Distinguishing tinnitus from hearing loss

In the study, about half of those with tinnitus had hearing difficulty as judged through diagnosis or self-report. Despite the high correlation between tinnitus and hearing loss, advanced statistical techniques used in the study revealed distinct differences in their genetic architecture.

Tinnitus differentiated itself from hearing loss by involving more genes and having genetic variants with lower discoverability, challenging previous assumptions that genes involving hearing loss and tinnitus are the same. The study found that of the 4,100 single nucleotide polymorphisms (SNPs) predicted to be implicated in hearing loss, 3,900 (95%) are shared with tinnitus, and only 200 are unique to hearing loss. In contrast, of the 9,500 SNPs suggested to cause tinnitus, 5,600 (59%) are unique to tinnitus.

Tissue expression analyses of the brain also highlight the separation between tinnitus and hearing loss, with tinnitus genes showing broader expression across multiple brain areas. This supports the idea that tinnitus has its source and perception within a wider brain network, contrasting with the more localized focus of hearing loss within the cochlea or auditory cortex. Changes in gray and white matter, magnetoencephalography findings, and alterations in the default mode network further emphasized the intricate neural networks involved in tinnitus.

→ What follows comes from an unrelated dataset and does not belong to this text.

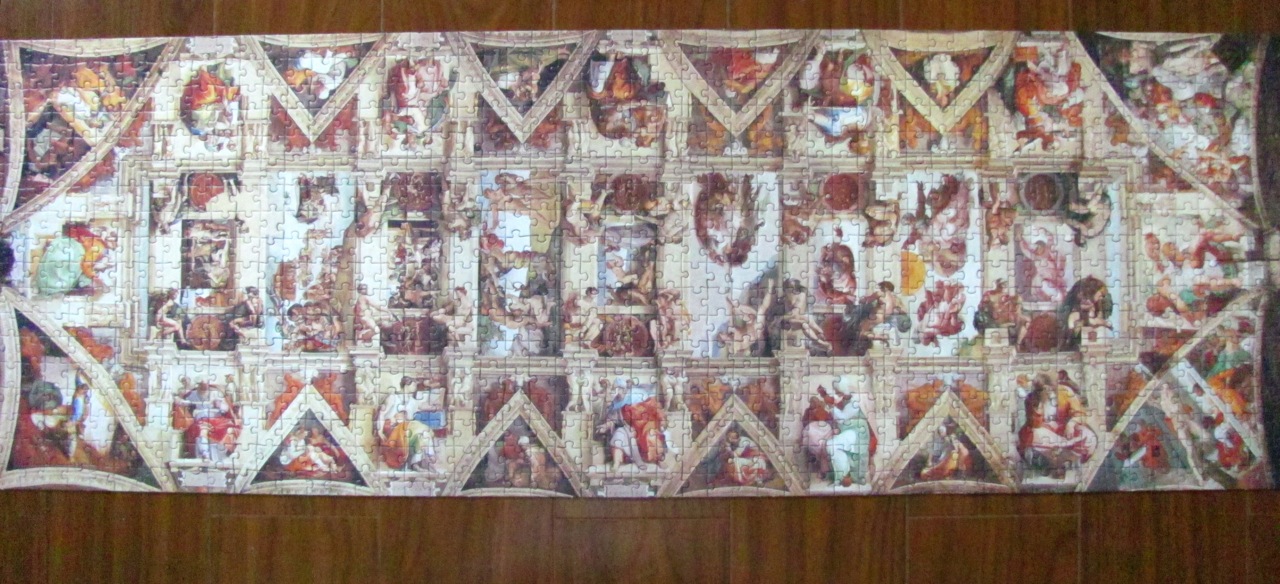 I spent the rest of the evening reading a book on all the major works of Michelangelo, from start to finish. Interesting, though he was the master of the male body, Michelangelo had very little understanding of the female form, and most of his women ended up with masculine features and physique in this painting!

Correlations with psychiatric and health traits

The study also explored correlations between tinnitus and psychiatric and health-related traits, revealing significant associations with self-reported hearing loss, speech understanding, pain syndromes, wellness measures, and internalizing disorders.

In total, the findings may provide a better framework for understanding tinnitus as a multifaceted condition with potential connections to broader health issues, while expanding the genetic exploration of the disorder. The identified loci, genetic correlations, and associated traits could lay the groundwork for future precision therapies tailored to the unique aspects of tinnitus.

Additionally, the discovery of genes involved in excitatory-inhibitory balance and the new tissue analysis shed new light on tinnitus—validating existing theories about hidden hearing loss while also presenting opportunities for innovative interventions that could bridge the gap between genetic insights and clinical applications. Although much more work needs to be done, tinnitus, once enigmatic, is now under real genetic scrutiny, bringing hope for more effective and targeted treatments.